Repisa-se, não é indiferente ao arrendatário (nem a quem se arroga essa qualidade) a justificação notarial por meio da qual um terceiro pretende o reconhecimento de um direito que o coloca como contraparte na relação locatícia, especialmente quando esse direito é invocado, pelo justificante ou por um subadquirente, na sustentação de uma pretensão de entrega formulada contra o arrendatário (ainda que sob a forma de uma notificação judicial avulsa). Exigir mais do que isto – exigindo-se a titularidade de um direito real – significaria, na prática, recusar qualquer autonomia dogmática à ação de impugnação de justificação notarial, passando ela a ser, na verdade, uma normal ação de reivindicação – cfr. os art.ºs 1311.º e 1315.º do Cód. Civil.

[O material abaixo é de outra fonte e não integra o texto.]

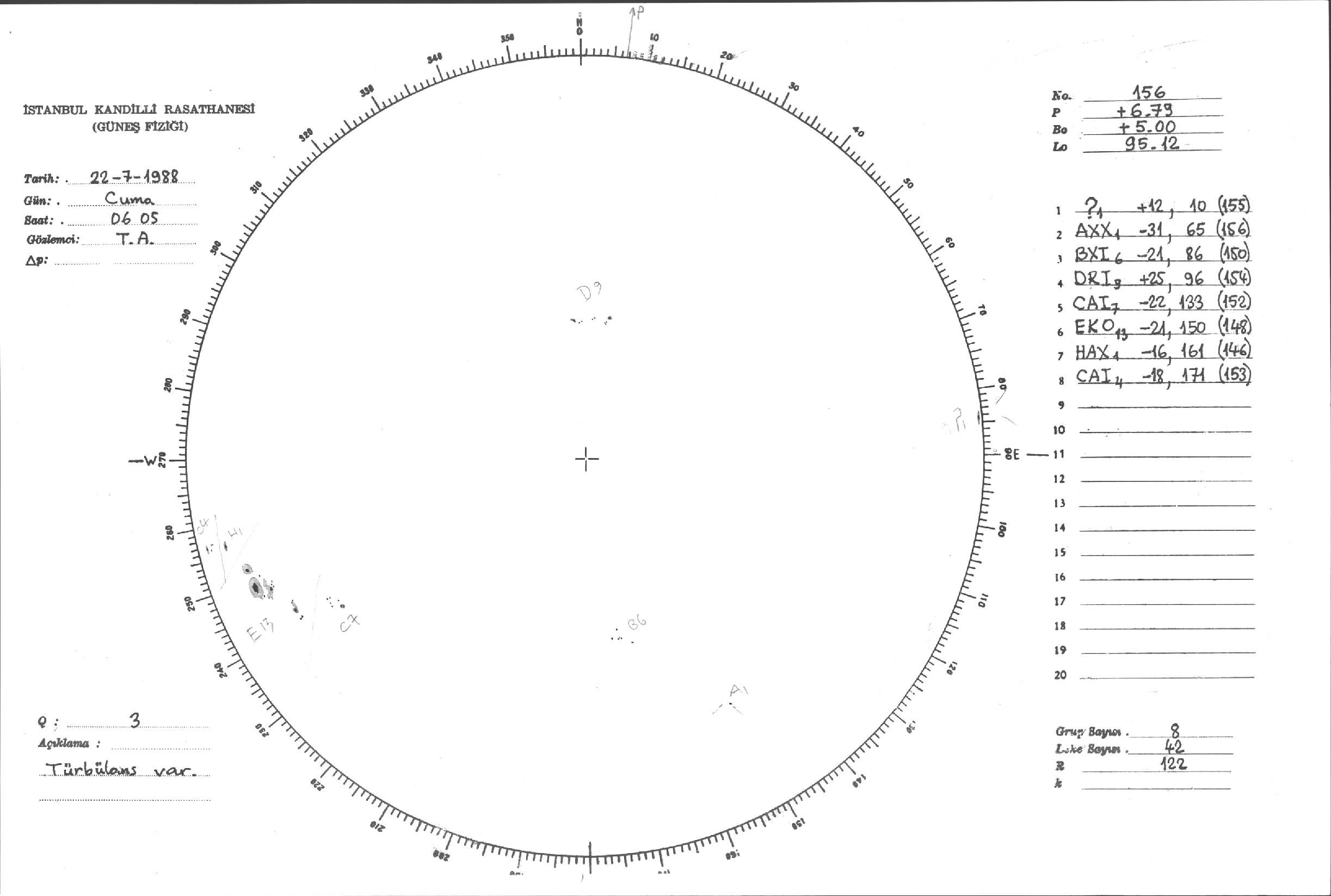Güneş Lekesi Çizimi - 22.07.1988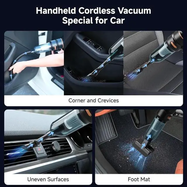 Rechargeable Battery and Fast ChargingThe hand held vacuum cordless cleaner has a built-in 6000mAh battery with a fast charging port, and can be used for about 35 minutes. It supports type C charging and can be easily charged with a car charger, mobile power, laptop, rechargeable battery and other methods, quickly fully charged in 4 hours with 5V/2A adapter.

Em suma, transpondo para a questão vertente a lição de Pires de Lima e de Antunes Varela sobre o conceito de interessado na arguição da nulidade do negócio jurídico – exposta em Código Civil Anotado, Volume I, Coimbra, Coimbra Editora, 1987, com a colaboração de Henrique Mesquita, p. 263, em anotação ao art.º 286.º do Cód. Civil –, deve entender-se que é interessado na impugnação da justificação notarialo titular de qualquer relaçãocuja consistência, tanto jurídica como prática, seja afetada pelos efeitos jurídicos que decorrem do facto justificado. 3.2. Interesse do autor na impugnação da justificação notarial
Afigura-se-nos apodítico que o autor tem um efetivo interesse relevante na impugnação, estando este bem vincado nos factos provados. Por um lado, ele decorre logo do ponto 26 – fundamentação de facto –, como resulta evidente dos seus termos: “Em 4 de fevereiro de 2022, o autor recebeu uma notificação judicial avulsa, apresentada pela ré M, na qual, em resumo, alega que em 2 de fevereiro de 2021, adquiriu ao réu LS o direito de propriedade plena sobre o prédio urbano (…), mais alegando que após tal aquisição foi surpreendida com a presença do autor no referido prédio, coisa que a determinará a recorrer à via judicial a fim de forçar a entrega do imóvel livre de pessoas e bens, no prazo de 15 dias contados da receção de tal notificação”.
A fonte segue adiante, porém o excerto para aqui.